Honor Flight is volunteer-staffed and donation-funded. Morse gave up his Veterans Affairs job and now works part-time at a medical clinic in Enon, Ohio. He devotes at least four days a week to Honor Flight and is the program’s only paid employee. His wife, Clarice, as well as his mother, father, brother, sister and sister-in-law, are among the 15 volunteers who help operate the national network, based in Dayton.

Honor Flight coordinates dozens of flights each year from Alabama, Florida, Georgia, Michigan, New York, North Dakota (which also represents South Dakota and Minnesota), North Carolina, Ohio and Utah. “We have 30 to 50 applicants per day from veterans as far away as Alaska,” Bailey says.

An unforgettable experience
On an Honor Flight trip, every expense is covered, including meals, ground transportation, and oxygen tanks and motorized wheelchairs for veterans who need them. Volunteers pay for their own tickets, and each flight has a medical attendant.

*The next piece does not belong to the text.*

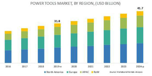 根據(jù)數(shù)據(jù),歐洲和美國是近年來電動工具增長最快的市場。接下來,亞太地區(qū)的電動工具市場將在預(yù)測期內(nèi)以最快的復(fù)合年增長率增長。

Natalie Kindt, 34, of Atlanta, volunteered on a flight and it was an experience she’ll never forget. “Now I’ll never pass another veteran without saying thank you,” she says.

Morse steadfastly refuses all offers from veterans who ask if they can help pay their way, which typically costs several hundred dollars. “They’ve done enough already,” he says.

“When we arrived at the airport, we didn’t even have to buy our breakfast,” says Dayton resident Jim Eby, 85, a World War II pilot who took a flight with his brother Harold, 92, also a veteran, this spring. “They gave us a sack of food.”

Before each flight from Dayton, Morse meets departing veterans at the airport, greeting each one personally. When the airplane lands in Baltimore, Md., typically meeting up with Honor Flights from other cities, he assembles the group into waiting chartered buses and heads into nearby Washington, D.C.

At the memorial, located between the Washington Monument and the Lincoln Memorial, veterans gravitate into the large circular pavilion ringed with elegant columns representing each state. Many are moved to tears. Dozens of other visitors are anxious to meet the veterans, shake their hands and express their thanks.

“A young female sailor came up to me and asked what branch of the military I was in,” says Fern Metcalf, 84, a U.S. Navy WAVES veteran from Troy, Ohio. “When I told her the Navy, she grabbed my arm and asked another sailor to take a picture of us. Then she stayed with me as I walked all around the memorial.”

“Here I am, 84 years old, with a smile I can’t wipe off,” Metcalf adds. “It gives me goose bumps when I think about how special we were made to feel.”

George Cordrey, 85, who fought in the Battle of Iwo Jima, traveled from Cincinnati to Columbus to connect with his Honor Flight trip. “A couple approached me from out of the blue,” he says. “They hugged me and thanked me. I don’t know who they were or where they were from, but we all sobbed. It was so touching.”

“They’ll have a whole day of people coming up to them, shaking their hands, thanking them,” Morse says. “At the end of the day, they’ll have a tremendous understanding of how much this country admires their service and their sacrifice.”

A rejuvenating effect
At the center of the memorial is a pair of gushing, towering fountains —symbols, according to the memorial’s official statement of purpose, “of the moral strength and awesome power that can flow when a free people are united and bonded together in a just cause.” Morse says the torrents of water have a rejuvenating effect on the visiting veterans.

“I call it the fountain of youth,” he says. “There’s a transformation that takes place. They get on the plane in the morning, they’re in their 80s. They get on that evening to come back home, it’s like they’re in their 60s.”

Some 1,500 World War II veterans are on a waiting list of upcoming Honor Flights and Morse vows to keep working until they all get to see the memorial that honors them. And even then, he has no plans to stop.

“Once we get all the World War II vets, we’ll get the Korean vets,” he says. “And then we’ll help the Vietnam vets . . . and the vets of Iraq and Afghanistan, if there’s a memorial for that. This is going to continue.”

“This is the most honorable, noble thing I’ve ever done in my life,” he adds. “It’s so much further-reaching and meaningful than I ever thought it was going to be.”